You draw two cards, simultaneously, from a 52-card deck. What is the probability that at least one is an ace?

bigslick

For one card, this is easy: the odds are one in thirteen, for there are four aces in 52 cards, and 4/52 = 1/13.

With a second card drawn at the same time, we must consider the 12/13ths of the time that the first card drawn is not an ace. When this happens, 51 cards remain, with four of them aces, so there is an additional  4/51sts of this 12/13ths that must be added to the 1/13th for the first card drawn.

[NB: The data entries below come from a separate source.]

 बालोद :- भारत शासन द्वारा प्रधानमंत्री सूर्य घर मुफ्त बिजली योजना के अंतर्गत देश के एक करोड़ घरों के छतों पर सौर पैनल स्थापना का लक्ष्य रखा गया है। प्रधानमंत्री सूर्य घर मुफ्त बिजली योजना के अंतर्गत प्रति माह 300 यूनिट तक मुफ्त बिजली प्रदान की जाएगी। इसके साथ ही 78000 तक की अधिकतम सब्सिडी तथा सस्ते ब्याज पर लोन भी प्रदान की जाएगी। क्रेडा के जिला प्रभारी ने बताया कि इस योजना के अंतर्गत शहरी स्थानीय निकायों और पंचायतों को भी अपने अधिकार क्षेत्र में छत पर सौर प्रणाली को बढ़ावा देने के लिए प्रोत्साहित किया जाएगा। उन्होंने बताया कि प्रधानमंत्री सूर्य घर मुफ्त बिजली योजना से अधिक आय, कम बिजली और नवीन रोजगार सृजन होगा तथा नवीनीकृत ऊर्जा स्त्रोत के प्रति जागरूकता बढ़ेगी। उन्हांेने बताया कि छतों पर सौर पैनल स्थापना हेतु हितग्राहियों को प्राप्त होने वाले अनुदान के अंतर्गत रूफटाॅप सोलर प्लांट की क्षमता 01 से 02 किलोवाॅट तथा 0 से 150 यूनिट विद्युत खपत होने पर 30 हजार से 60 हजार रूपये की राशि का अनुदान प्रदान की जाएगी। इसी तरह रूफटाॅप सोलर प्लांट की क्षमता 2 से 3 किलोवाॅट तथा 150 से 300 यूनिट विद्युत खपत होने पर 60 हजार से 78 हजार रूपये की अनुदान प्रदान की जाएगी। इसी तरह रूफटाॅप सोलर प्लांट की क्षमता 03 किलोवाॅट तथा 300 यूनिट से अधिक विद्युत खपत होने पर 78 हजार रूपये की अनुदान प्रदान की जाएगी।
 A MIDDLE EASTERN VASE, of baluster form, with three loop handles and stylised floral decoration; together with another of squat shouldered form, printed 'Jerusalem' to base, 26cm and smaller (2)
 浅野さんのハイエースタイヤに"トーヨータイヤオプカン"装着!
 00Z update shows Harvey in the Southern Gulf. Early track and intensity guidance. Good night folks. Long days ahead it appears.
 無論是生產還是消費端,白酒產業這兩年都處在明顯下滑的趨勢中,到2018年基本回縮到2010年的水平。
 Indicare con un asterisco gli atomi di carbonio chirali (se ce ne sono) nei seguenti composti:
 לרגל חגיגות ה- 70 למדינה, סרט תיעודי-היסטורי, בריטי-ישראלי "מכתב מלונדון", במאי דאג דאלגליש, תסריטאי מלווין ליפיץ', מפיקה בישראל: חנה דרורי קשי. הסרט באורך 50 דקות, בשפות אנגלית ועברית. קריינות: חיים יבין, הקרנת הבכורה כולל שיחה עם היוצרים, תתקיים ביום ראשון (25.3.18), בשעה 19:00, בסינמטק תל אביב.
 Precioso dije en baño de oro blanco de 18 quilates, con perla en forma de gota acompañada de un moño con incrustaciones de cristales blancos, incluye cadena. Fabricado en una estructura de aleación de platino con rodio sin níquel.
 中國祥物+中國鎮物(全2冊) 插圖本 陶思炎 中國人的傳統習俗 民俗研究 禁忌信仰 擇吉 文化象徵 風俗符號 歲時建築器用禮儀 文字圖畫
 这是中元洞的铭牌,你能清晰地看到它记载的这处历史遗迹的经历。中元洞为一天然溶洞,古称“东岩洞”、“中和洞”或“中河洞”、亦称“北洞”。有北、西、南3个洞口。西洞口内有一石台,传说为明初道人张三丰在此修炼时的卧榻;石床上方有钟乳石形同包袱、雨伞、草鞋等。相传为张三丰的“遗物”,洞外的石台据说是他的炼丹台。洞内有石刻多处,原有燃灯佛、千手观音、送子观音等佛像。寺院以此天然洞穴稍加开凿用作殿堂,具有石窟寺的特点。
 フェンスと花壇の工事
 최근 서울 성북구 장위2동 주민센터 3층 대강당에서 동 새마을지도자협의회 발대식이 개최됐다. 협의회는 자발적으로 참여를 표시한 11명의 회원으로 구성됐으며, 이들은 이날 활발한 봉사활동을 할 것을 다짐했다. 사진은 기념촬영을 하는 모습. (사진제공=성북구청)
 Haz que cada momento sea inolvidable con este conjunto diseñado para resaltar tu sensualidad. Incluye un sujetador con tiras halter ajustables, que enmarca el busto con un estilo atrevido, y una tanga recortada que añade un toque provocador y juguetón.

Therefore, the odds of drawing at least one ace, in two cards drawn from a standard deck, are 1/13 + (4/51)(12/13) = (1/13)(51/51) + (4/51)(12/13) = (51 + 48)/[(51)(13)] = 99/663 = 33/221, or 33 out of 221 attempts, which is as far as the fraction will reduce. In decimal form, as a percentage, this happens ~14.93% of the time.

If I made an error above, please let me know in a comment. I do not claim to be infallible.

[Image credit: I found the image above here.]

About RobertLovesPi

I go by RobertLovesPi on-line, and am interested in many things. Welcome to my little slice of the Internet. The viewpoints and opinions expressed on this website are my own. They should not be confused with the views of my employer, nor any other organization, nor institution, of any kind.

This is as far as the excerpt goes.